In order to get the peak GPU memory usage, first of all, we need to collect the GPU memory usage with time step in 1 ms. To do this, run in the separate terminal the following command:

$ nvidia-smi --query-gpu=timestamp,pstate,memory.total,memory.used --format=csv -lms 1 -f Profiling.csv

This will run the nvidia-smi built-in memory profiler, which will sample the memory usage stat with 1 ms time step, and save this information into table Profiling.csv.

In the main terminal execute the following command, to run actual libraries benchmarks (since we want to obtain their peak memory usage):

$ bash run_profiling.sh

When the last library finishes its benchmark, go into separate terminal and explicitly terminate the memory capturing process by ctrl + C combination.

After that in your build directory two files will be located: Profiling.csv with memory usage and Profiling-Time.txt with time stamps (begin and end of each experiment). In order to extract actual peak memory usage, we will have to run python script scripts/extract_mem_profile.py. In order to do that, copy this script inside build directory and run it.

When script finises its job, it will output file Profiling-Stats.txt with peak memory usage for each library benchmark and for each matrix entry in dataset.

Dataset

The matrix data is selected from The SuiteSparse Matrix Collection (formerly the University of Florida Sparse Matrix Collection) link.
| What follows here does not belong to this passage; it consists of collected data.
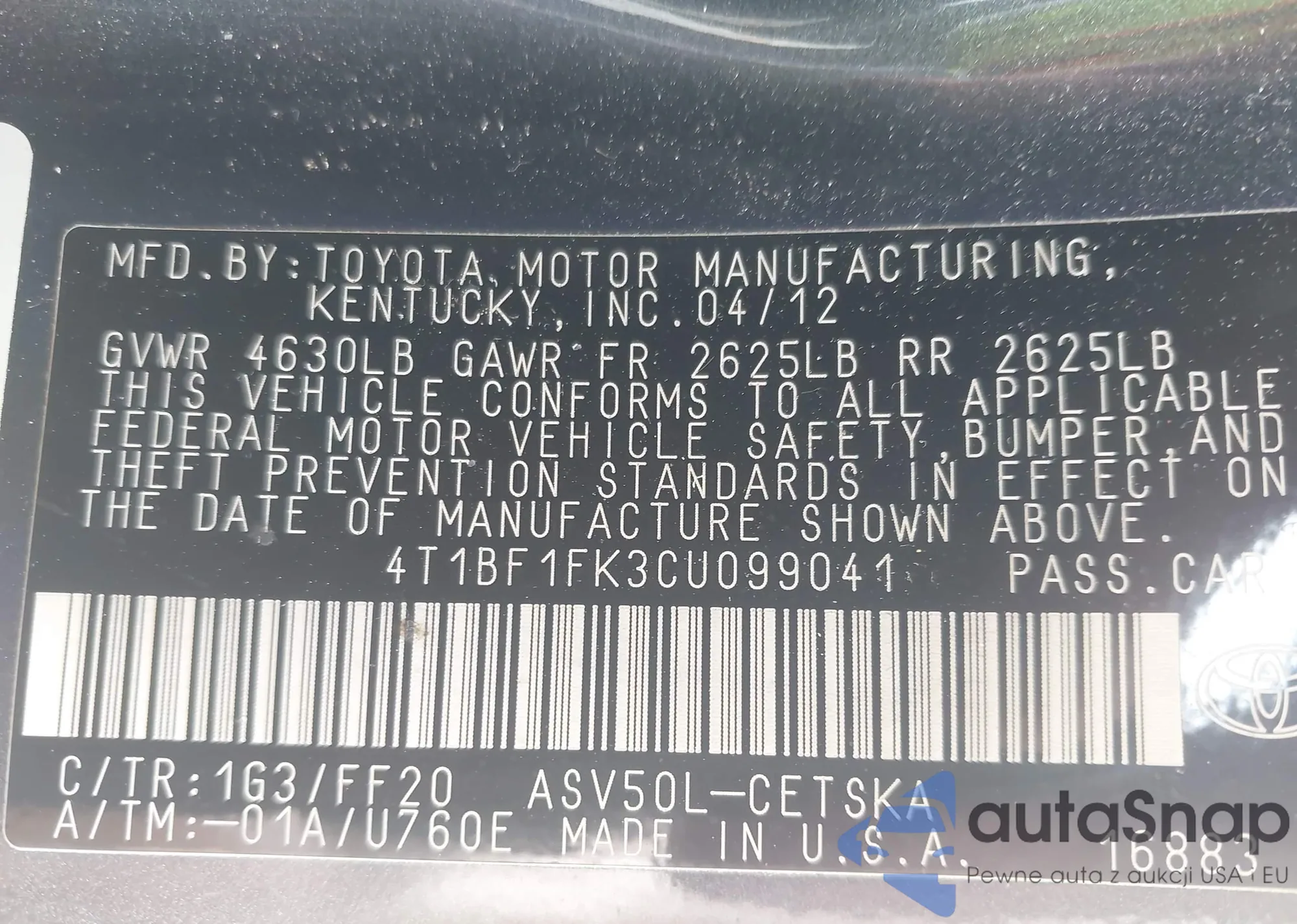 LOT: 42138775 VIN: 5TFJU4GN3DX040040
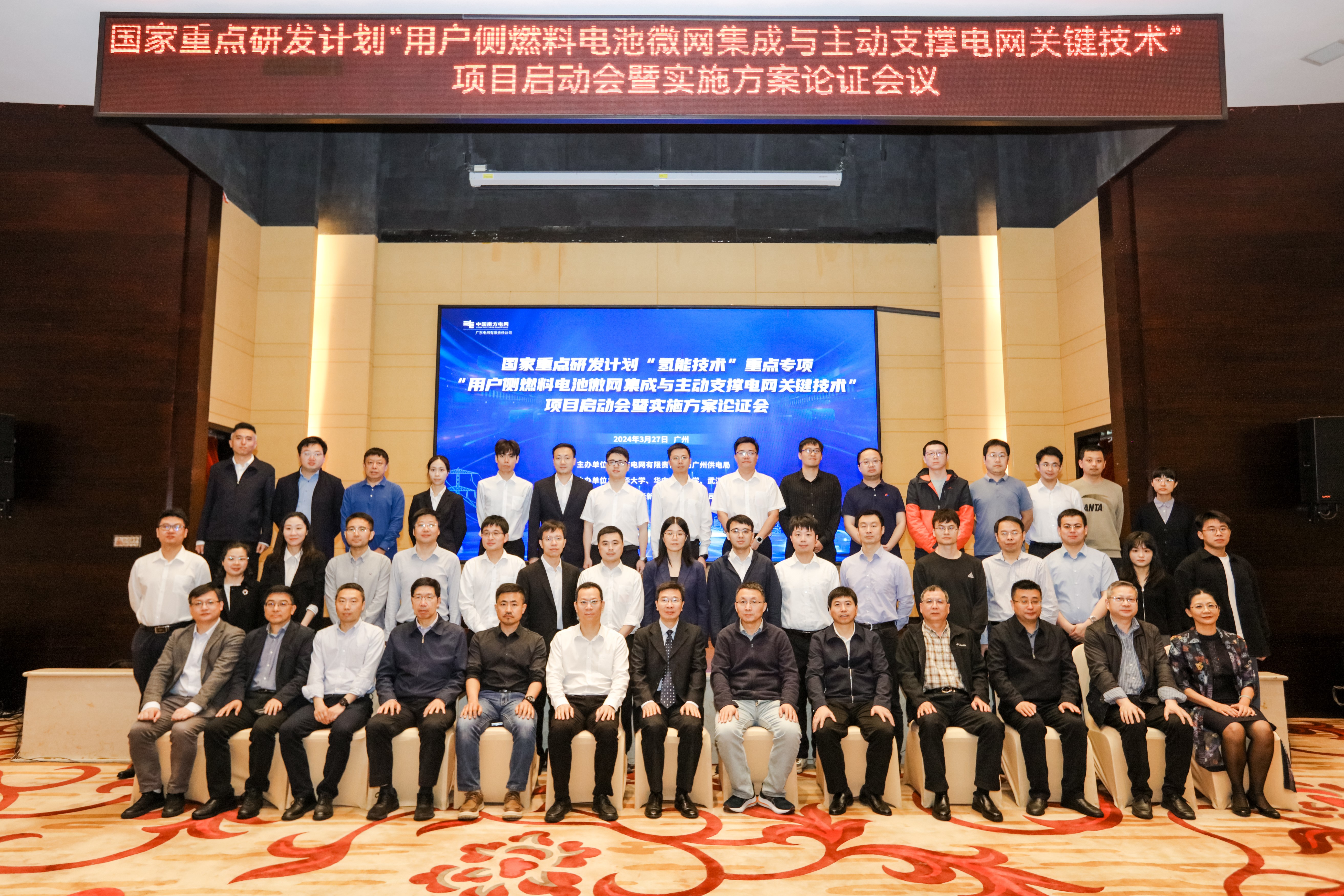 2024年3月27日,国家重点研发计划“氢能技术”重点专项“用户侧燃料电池微网集成与主动支撑电网关键技术”项目启动会暨实施方案论证会在在广州顺利召开。
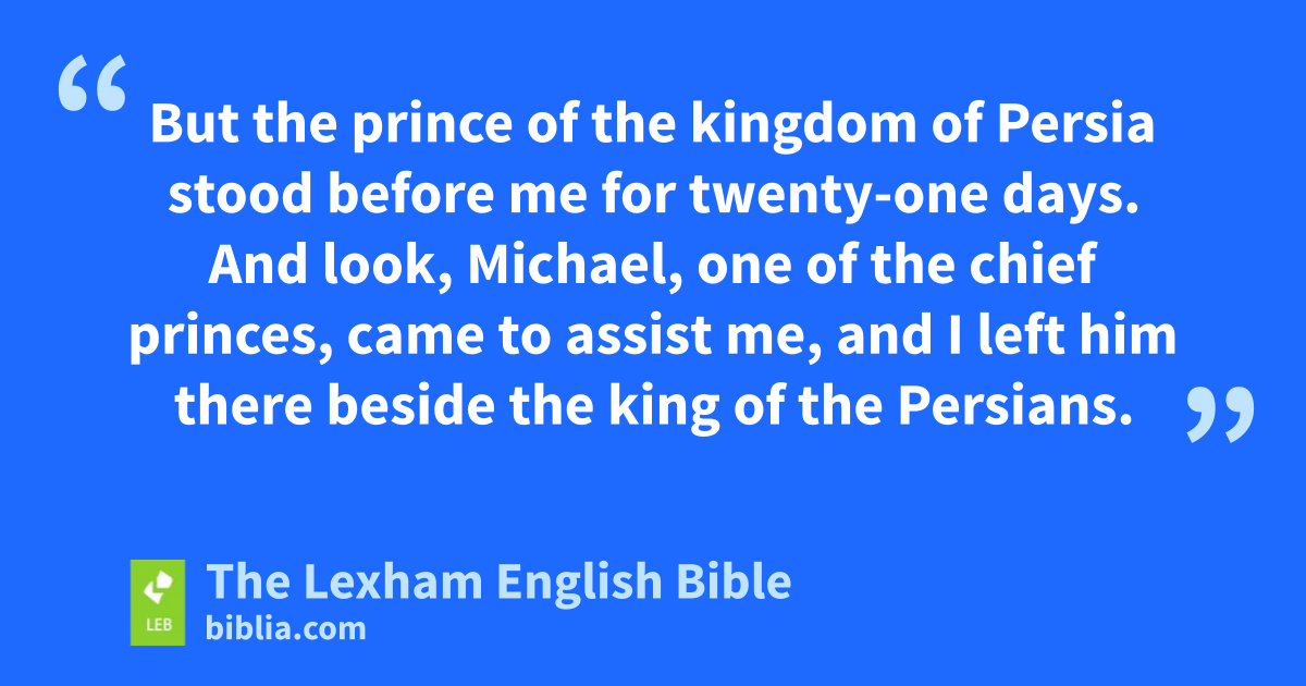 18 And ⌊he again touched⌋l me, ⌊the one in the form of a human⌋,m and he strengthened me. 19 And he said, “You must not fear, O beloved man. ⌊Peace be to you⌋;n be strong and be courageous!” And ⌊when he spoke⌋o with me, I was strengthened and I said, “Let my lord speak, for you have strengthened me.” 20 Then he asked, “Do you know why I have come to you? And now I return to fight against the prince of Persia and I myselfp am going, and look,q the prince of Javanr will come. 21 However, I will tell you ⌊what is inscribed⌋s in the book of truth, and there is not one who contends with me against these beings ⌊except⌋t Michael, your prince.”
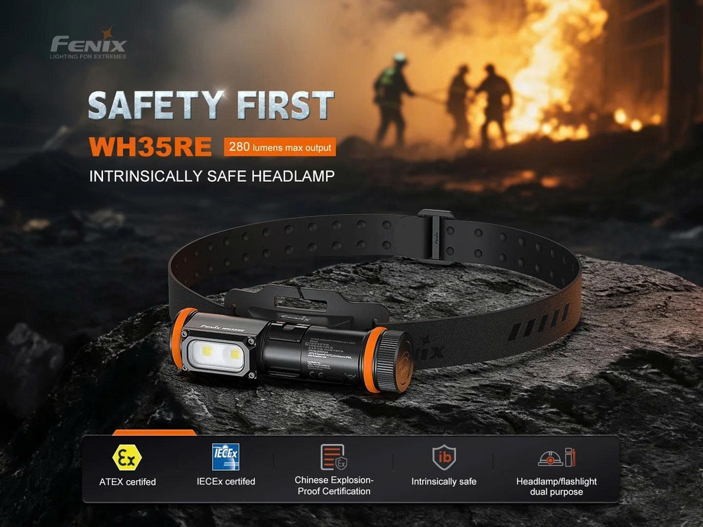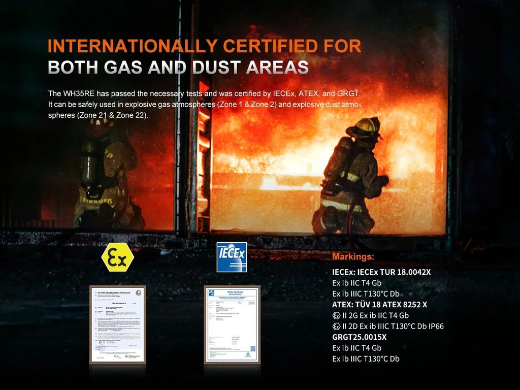 Fenix WH35RE là chiếc đèn gù đội đầu công nghiệp chống cháy nổ được thiết kế đặc biệt cho môi trường làm việc nguy hiểm như dầu khí, hoá chất, nhiệt điện, luyện kim hay các khu vực có khí dễ nổ và bụi cháy. Sản phẩm đạt các tiêu chuẩn an toàn quốc tế IECEx, ATEX và GRGT, giúp bạn yên tâm sử dụng trong Zone 1/Zone 2 (khí) và Zone 21/Zone 22 (bụi) mà không lo rủi ro.

Matrix name # Rows Nnz M Nnz/row Max Nnz/row Nnz M^2 Nnz M + M^2
0 DIMACS10/wing 62,032 243,088 3.9 4 714,200 917,178
1 DIMACS10/luxembourg_osm 114,599 239,332 2.0 6 393,261 632,185
2 SNAP/amazon0312 400,727 3,200,440 7.9 10 14,390,544 14,968,909
3 LAW/amazon-2008 735,323 5,158,388 7.0 10 25,366,745 26,402,678
4 SNAP/web-Google 916,428 5,105,039 5.5 456 29,710,164 30,811,855
5 SNAP/roadNet-PA 1,090,920 3,083,796 2.8 9 7,238,920 9,931,528
6 SNAP/roadNet-TX 1,393,383 3,843,320 2.7 12 8,903,897 12,264,987
7 DIMACS10/belgium_osm 1,441,295 3,099,940 2.1 10 5,323,073 8,408,599
8 SNAP/roadNet-CA 1,971,281 5,533,214 2.8 12 12,908,450 17,743,342
9 DIMACS10/netherlands_osm 2,216,688 4,882,476 2.2 7 8,755,758 13,626,132

Results

For performance evaluation, PC with Ubuntu 20.04 installed was used. It had Intel core i7-6700 CPU, 3.40GHz, DDR4 64Gb RAM and GeForce GTX 1070 GPU with 8Gb VRAM. Only the execution time of the operations themselves was measured. The actual data were assumed to be loaded into the VRAM or RAM respectively in the appropriate format, required for the target tested framework.
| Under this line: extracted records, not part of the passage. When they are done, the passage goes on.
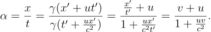 最后,来使用时空变换推导相对论的速度变换。考虑 S’ 系相对 S 系以速度 u 沿 x 轴正方向运动, S’ 系中有物体相对其以速度 v 沿着 x’ 轴正向运动。考察 S 系中物体的运动速度 α,应当有
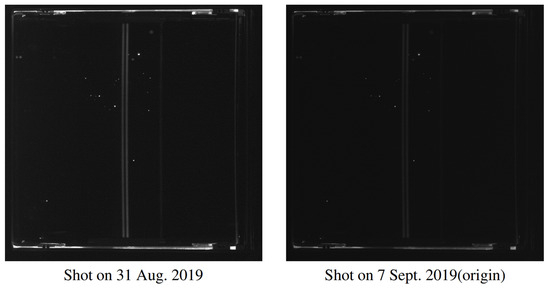 To address this challenge, we adopted an offline approach instead of an online inspection to meet practical demands during weekly maintenance of the facility. Before installation or after removal, optics were placed into a dark box and subjected to side illumination to obtain offline dark-field images [29]. This procedure helped to eliminate the influence of background light or downstream optics. Consequently, any white dots observed in the offline image could be confidently identified as authentic damage, as shown in Figure 2.
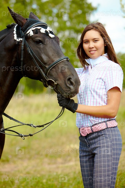 Портрет красивой девушки с лошадью
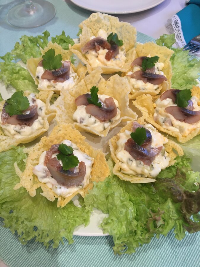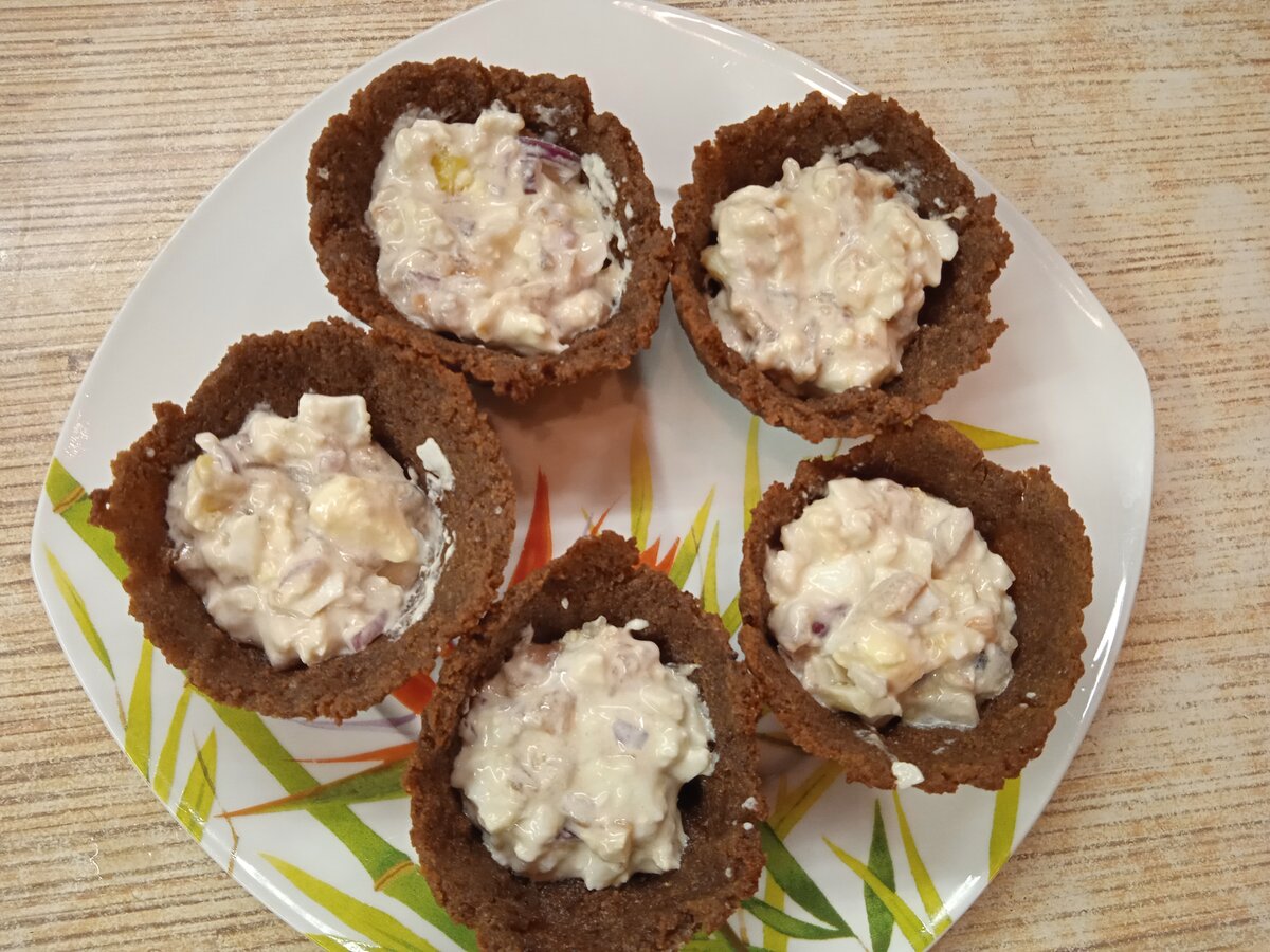 Ещё мы любим слегка смазанные растительным маслом тарталетки из порезанного черного хлеба, свёрнутые "кулечком".

Matrix-matrix multiplication evaluation results.
Time in milliseconds, Memory in megabytes.

cuBool clBool CUSP cuSPARSE clSPARSE SuiteSparse
M Time&Mem Time&Mem Time&Mem Time&Mem Time&Mem Time&Mem
0 1.9 93 1.9 89 5.2 125 20.1 155 4.9 105 7.9 22
1 2.4 91 2.0 89 3.7 111 1.7 151 6.9 97 3.1 169
2 23.2 165 55.5 163 108.5 897 412.8 301 52.2 459 257.6 283
3 33.3 225 82.1 221 172.0 1409 184.8 407 77.4 701 369.5 319
4 41.8 241 127.6 239 246.2 1717 4761.3 439 207.5 1085 673.3 318
5 18.1 157 14.2 153 42.1 481 37.5 247 56.6 283 66.6 294
6 22.6 167 16.9 165 53.1 581 46.7 271 70.4 329 80.7 328
7 23.2 151 16.9 159 32.9 397 26.7 235 68.2 259 56.9 302
8 32.0 199 23.4 211 74.4 771 65.8 325 98.2 433 114.5 344
9 35.3 191 24.9 189 51.0 585 51.4 291 102.8 361 90.9 311

Element-wise matrix-matrix addition evaluation results.
Time in milliseconds, Memory in megabytes.
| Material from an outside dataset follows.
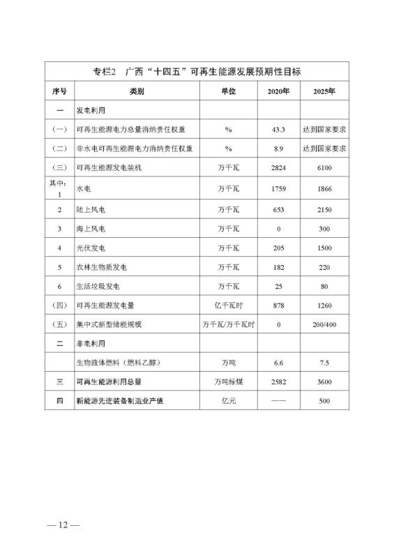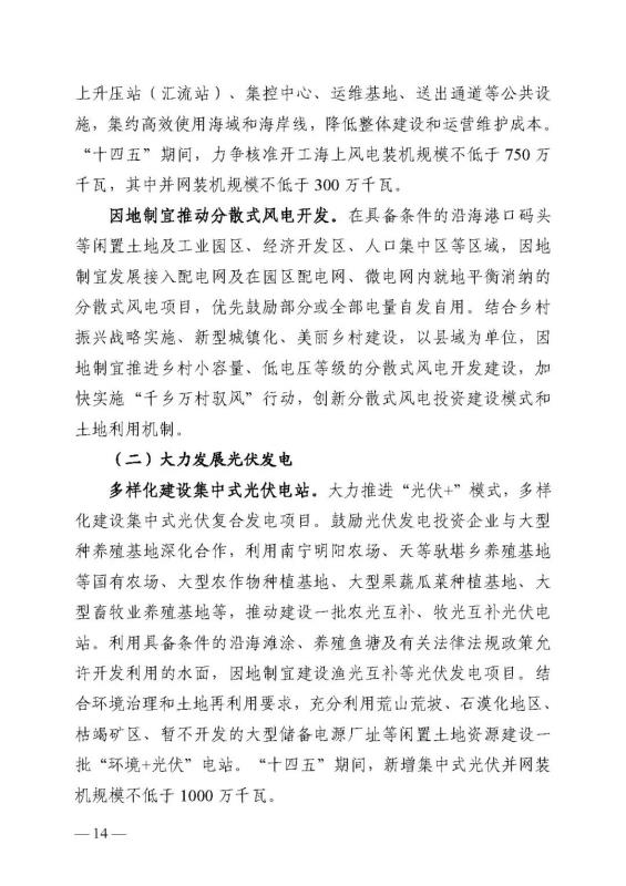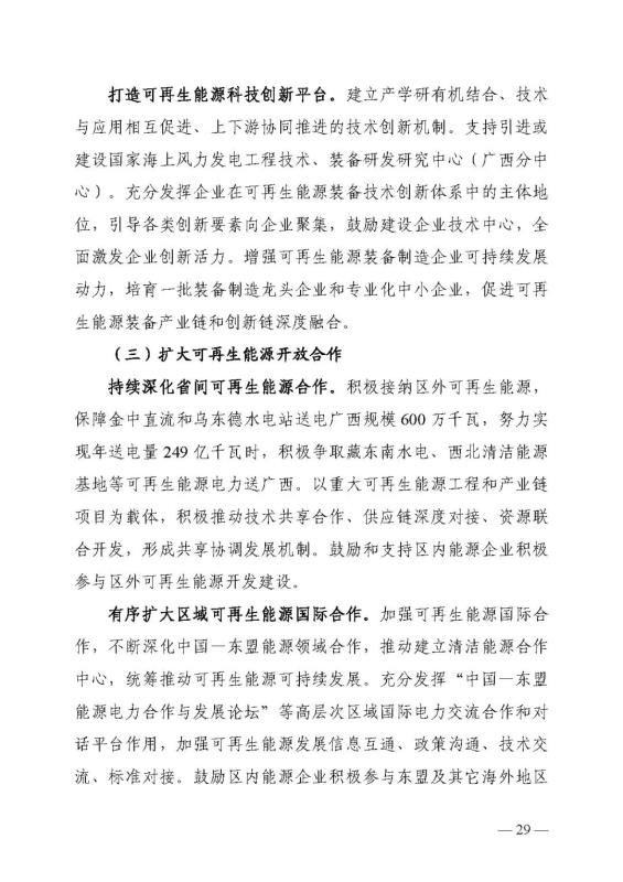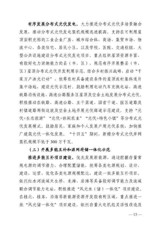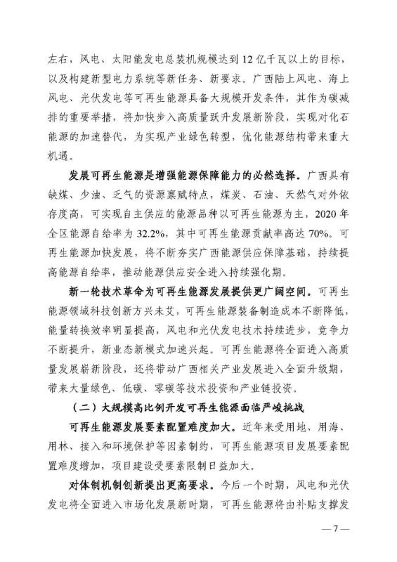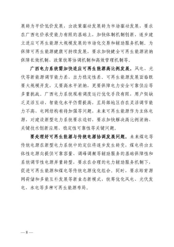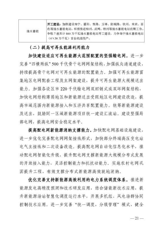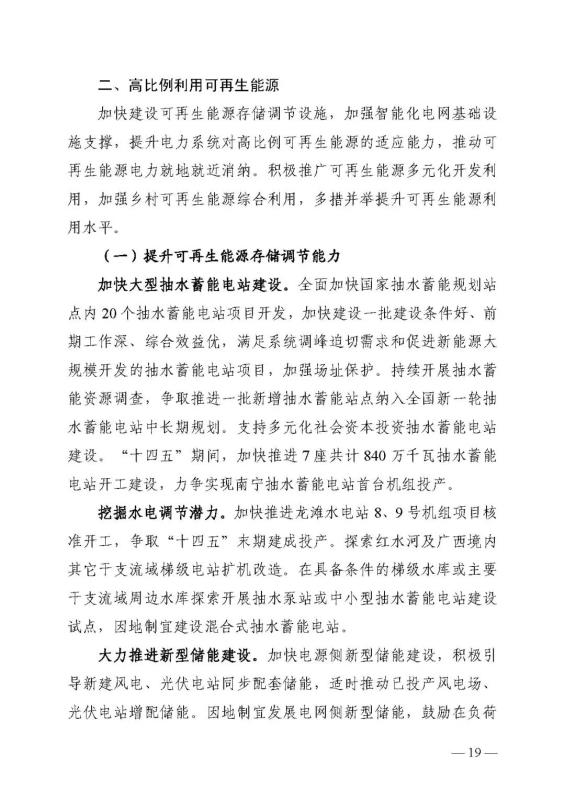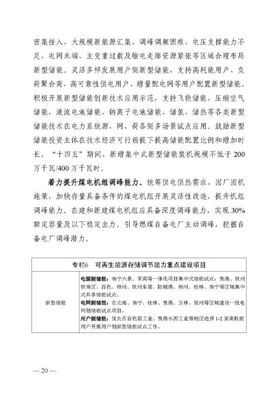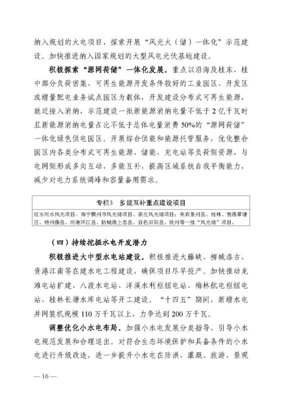 十四五期間在桂北、桂東、沿海等新能源資源開發(fā)較有利區(qū)域,重點(diǎn)推進(jìn)一批“風(fēng)光儲一體化”項(xiàng)目建設(shè)。依托存量火電機(jī)組靈活性改造及納入規(guī)劃的火電項(xiàng)目,探索開展“風(fēng)光火(儲)一體化”示范建設(shè)。加快推進(jìn)納入國家規(guī)劃的大型風(fēng)電光伏基地建設(shè)。

cuBool clBool CUSP cuSPARSE clSPARSE SuiteSparse
M Time&Mem Time&Mem Time&Mem Time&Mem Time&Mem Time&Mem
0 1.1 95 1.9 105 1.4 105 2.4 163 - - 2.3 176
1 1.7 95 1.6 109 1.0 97 0.8 151 - - 1.6 174
2 11.4 221 23.8 543 16.2 455 24.3 405 - - 37.2 297
3 17.5 323 35.4 877 29.5 723 27.2 595 - - 64.8 319
4 24.8 355 43.1 989 31.9 815 89.0 659 - - 77.5 318
5 16.9 189 12.5 359 11.2 329 11.6 317 - - 36.6 287
6 19.6 209 15.4 429 14.5 385 16.9 357 - - 45.3 319
7 19.5 179 10.5 321 10.2 303 10.5 297 - - 28.5 302
8 30.5 259 22.4 579 19.4 513 20.2 447 - - 65.2 331
9 30.1 233 18.6 457 14.8 423 18.3 385 - - 50.2 311

Known issues

  • clSPARSE based matrix-matrix multiplication benchmark crashes in Release Mode with error: terminate called after throwing an instance of 'std::bad_cast' what(): std::bad_cast

License

This project is licensed under MIT license. Full license text can be found in the license file. For the detailed license information of the dependencies refer to these third party projects official web pages.